ちなみに、こういう場合の「先進県」というのは実質的に、真剣に考え取り組んでいるという
意味ではない。「保護してもらいやすい」、要するに「甘い」という意味である。

 またそれ以外にも、片山知事の革新性の悪い作用と言うことも出来る。鳥取県西部地震時の
公金投入など積極的な行政を評価され、全国一位の支持率(読売新聞調査)を誇っていた
同知事だが、その要因としてこの知事は、基本的に「地方」であることにコンプレックスが強い
ことが挙げられる。随所に発揮される革新的な行政手腕には、零細県であることに甘えたくない、その意識もあるのだ。
 そちらばかりに作用していればいいのだが、時にそれが、中央政権への行きすぎたほどの
対抗心となっているのが垣間見える。

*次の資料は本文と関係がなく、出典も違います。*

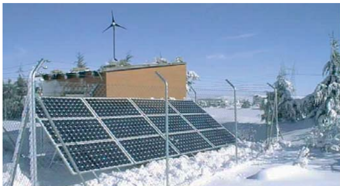
Instalación eólico-fotovoltaica aislada

Dichos costes deberán compararse directamente con la inversión de la instalación solar fotovoltaica y su mantenimiento durante la vida útil de la misma.
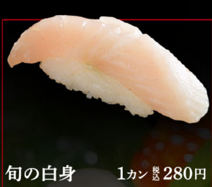
旬の白身 1カン 税込 280円
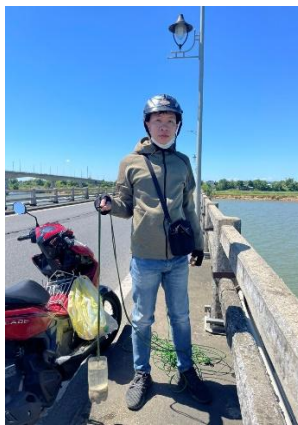
Hình 5. Cầu Câu Lâu
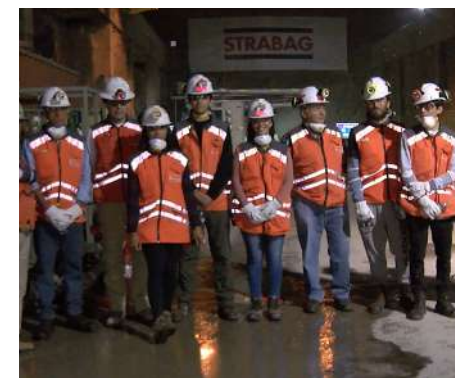
Los nueve jóvenes beneficiados con la Beca Aporte Alto Maipo que recorrieron las obras del proyecto.

随分昔のことになるが、「ホテル税」を導入しようとした
石原慎太郎東京都知事に対し、「東京のホテルを利用するな」とまで言い放ったこともある。

 話を戻すが、今回の法案は、そういった意識が乗り移った、先進性希求の表れという見方も
出来る。国が出来なかったことを県で実現してやろう、そういう意識があったのかもしれない。
(※注:ただし今回の法案は議員持ち込みであり、また議会・行政独立の原則から、直接的に
    知事の意向が絡んだものではない)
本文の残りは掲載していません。